Here's how to address these issues (untested, but should give you the idea):
const int MAX_PARALLEL = 1000;
SemaphoreSlim _semaphoreSlim = new SemaphoreSlim(MAX_PARALLEL);
volatile int _activeClients = 0;
readonly object _lock = new Object();
ExternalServiceClient _externalpServiceClient = null;
ExternalServiceClient GetClient()
{
lock (_lock)
{
if (_activeClients == 0)
_externalpServiceClient = new ExternalServiceClient("WSHttpBinding_IExternalService");
_activeClients++;
return _externalpServiceClient;
}
}
void ReleaseClient()
{
lock (_lock)
{
_activeClients--;
if (_activeClients == 0)
{
_externalpServiceClient.Close();
_externalpServiceClient = null;
}
}
}
private async Task<string> GetTokenIdForCarsAsync(Car[] cars)
{
var client = GetClient();
try
{
await _semaphoreSlim.WaitAsync().ConfigureAwait(false);
try
{
string tokenId = await client.GetInfoForCarsAsync(cars).ConfigureAwait(false);
return tokenId;
}
catch (Exception ex)
{
//TODO plug in log 4 net
throw new Exception("Failed" + ex.Message, ex);
}
finally
{
_semaphoreSlim.Release();
}
}
finally
{
ReleaseClient();
}
}
Updated based on the comment:
the External WebService company can accept me passing up to 5000 car
objects in one call - though they recommend splitting into batches of
1000 and run up to 5 in parallel at one time - so when I mention 7000
- I dont mean GetTokenIdForCarAsync would be called 7000 times - with my code currently it should be called 7 times - i.e giving me back 7
token ids - I am wondering can I use your semaphore slim to run first
5 in parallel and then 2
The changes are minimal (but untested).

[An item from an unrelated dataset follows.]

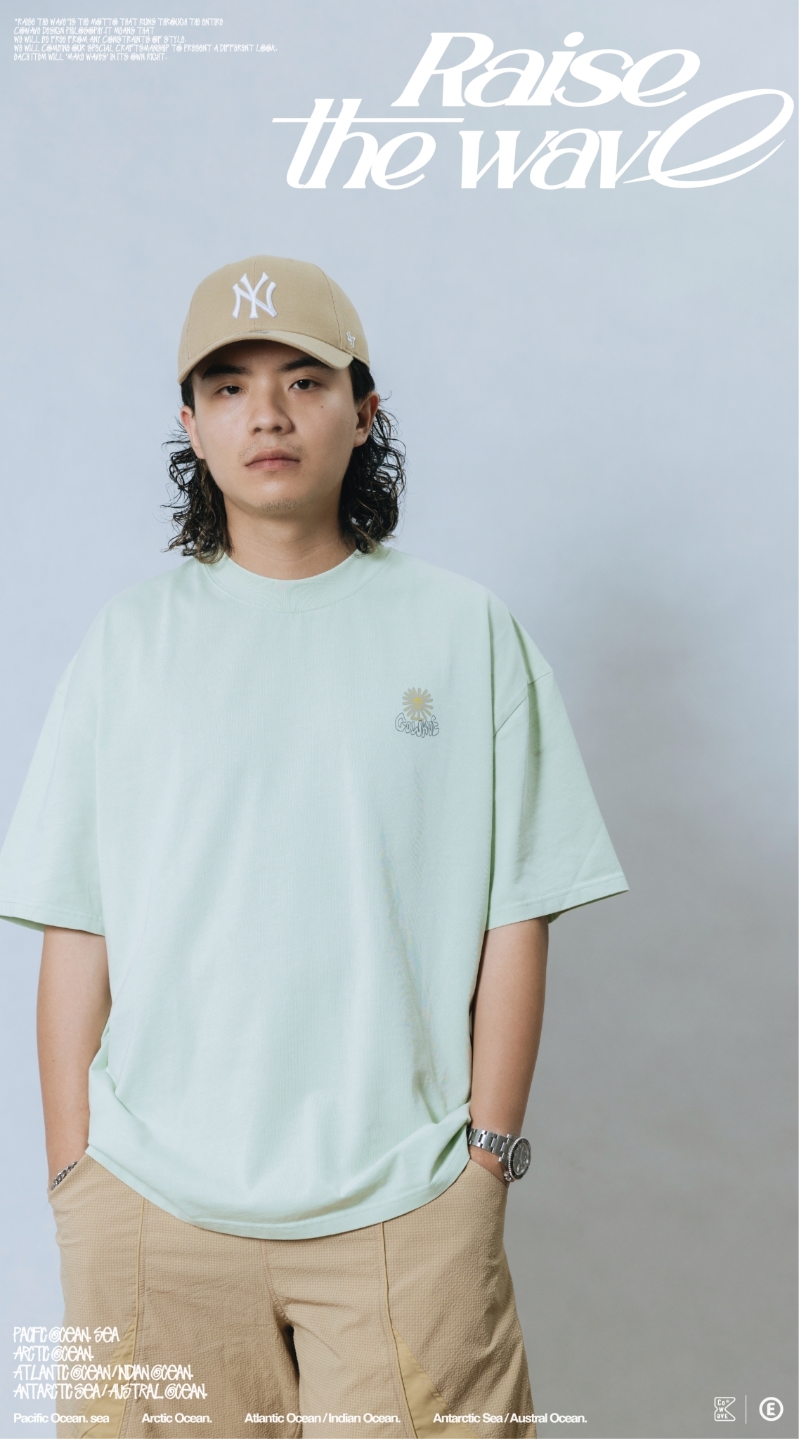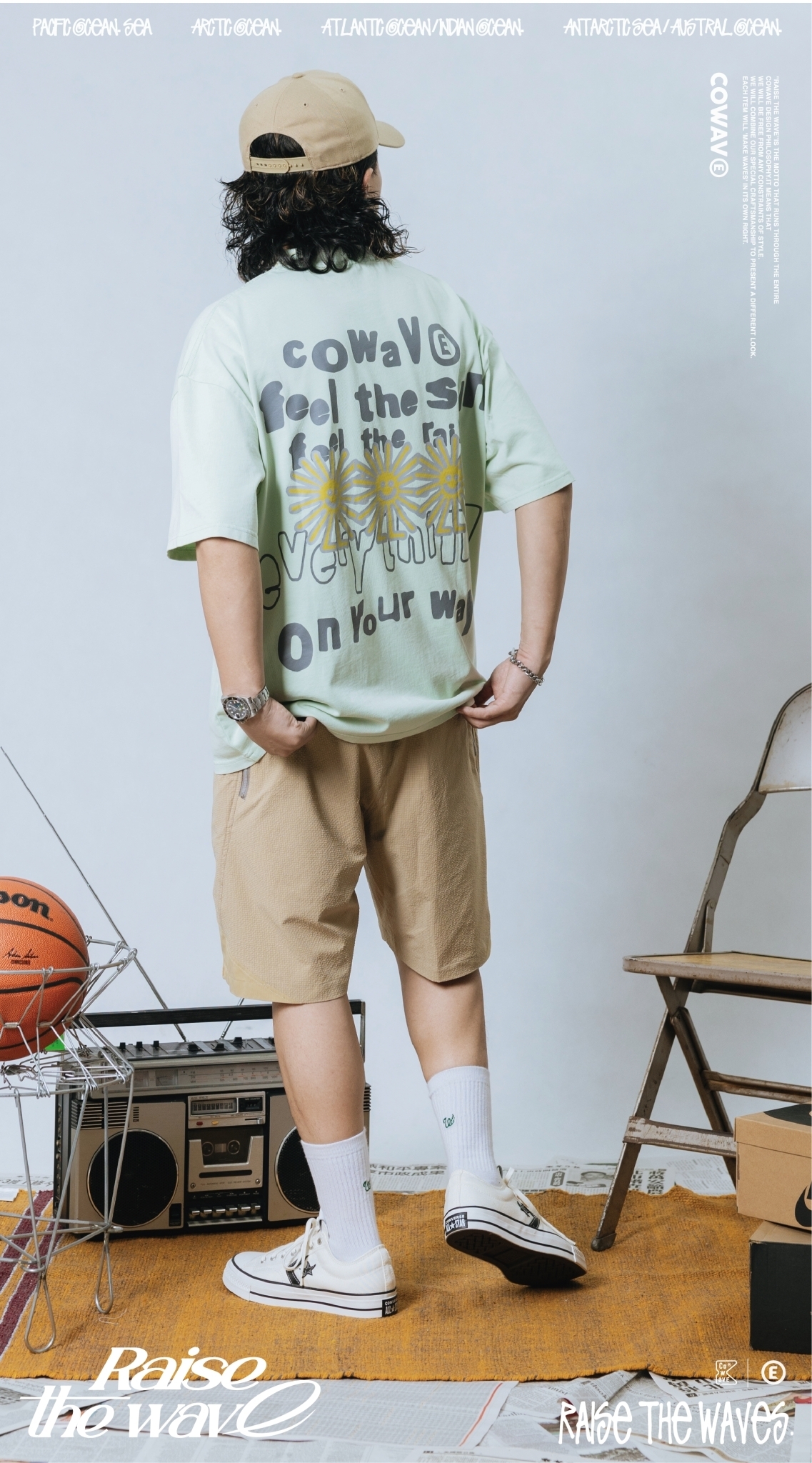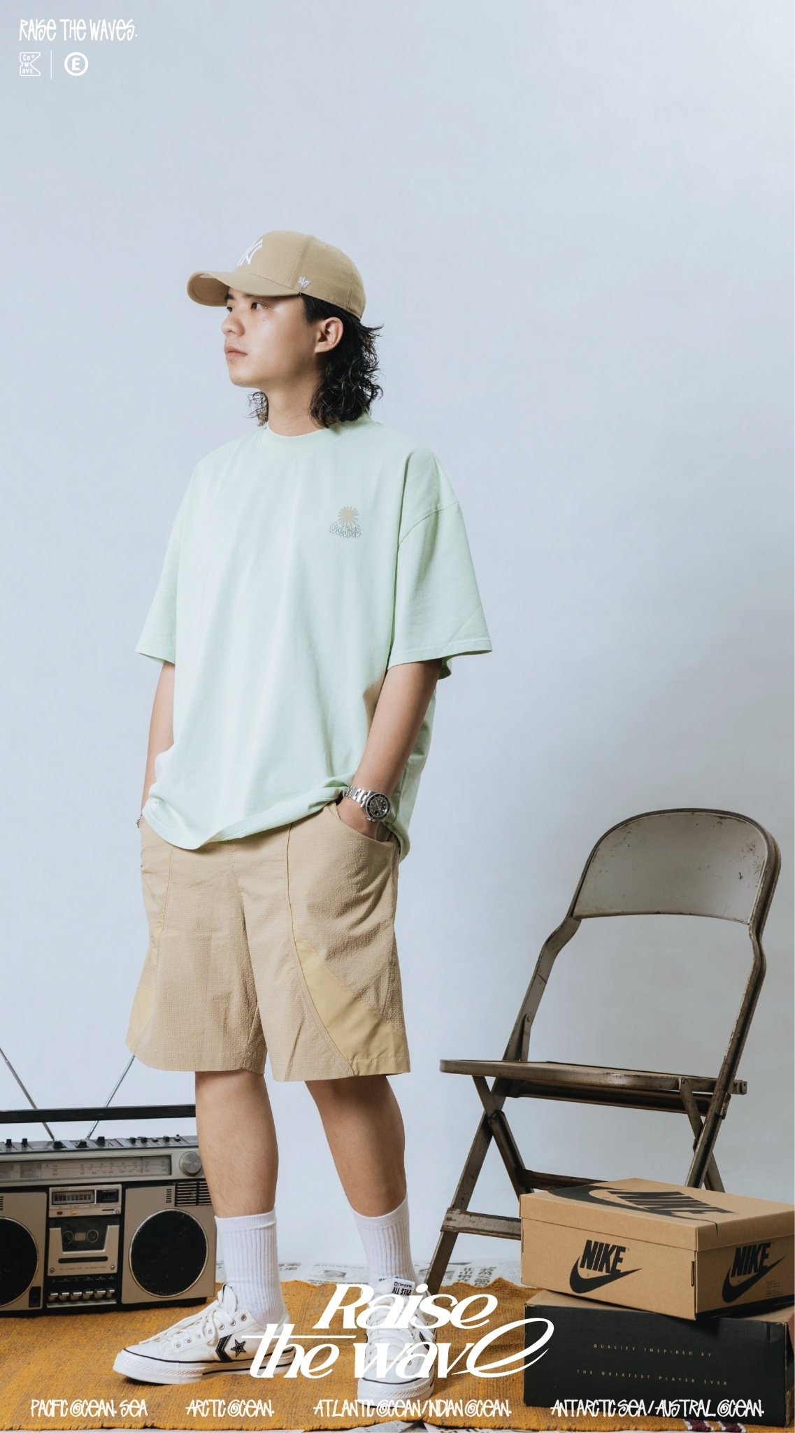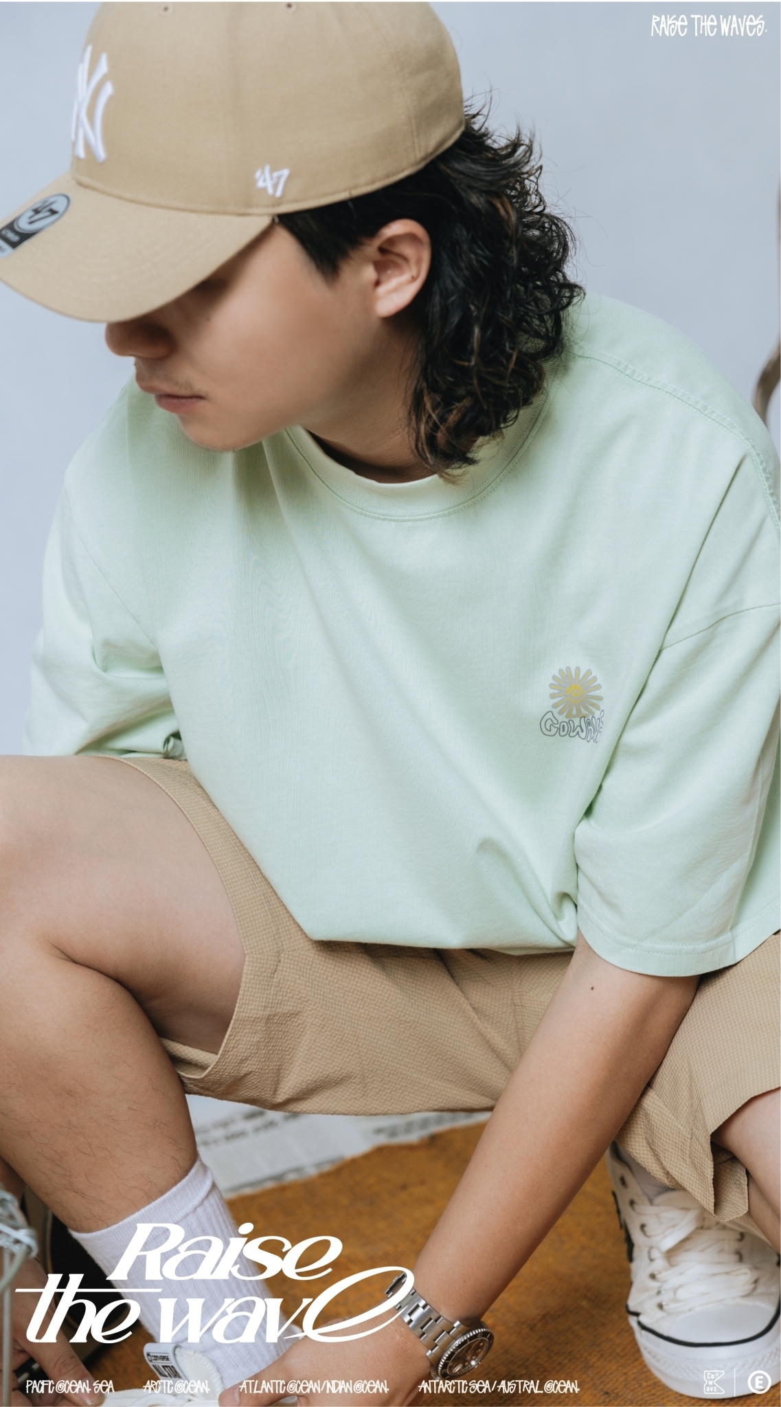 此款短踢將「陽光」卡通化,陽光代表著正向和開始。正面左胸口加入Sunny man 卡通圖像,背面則加入手繪文字並疊上Sunny man卡通圖,手繪文字「Feel the Sun ,Feel the rain ,Everything on your way一路上都會感受到陽光、雨天 」寓意著人生的道路上沒有永遠都是直線,有點彎曲才叫體驗人生,必須感受過這一路的曲折,才能更好好享受這雨過天晴的美好時刻。

First:
const int MAX_PARALLEL = 5;
Then, using Marc Gravell's ChunkExtension.Chunkify, we introduce GetAllTokenIdForCarsAsync, which in turn will be calling GetTokenIdForCarsAsync from above:
private async Task<string[]> GetAllTokenIdForCarsAsync(Car[] cars)
{
var results = new List<string>();
var chunks = cars.Chunkify(1000);
var tasks = chunks.Select(chunk => GetTokenIdForCarsAsync(chunk)).ToArray();
await Task.WhenAll(tasks);
return tasks.Select(task => task.Result).ToArray();
}
Now you can pass all 7000 cars into GetAllTokenIdForCarsAsync. This is a skeleton, it can be improved with some retry logic if any of the batch requests has failed (I'm leaving that up to you).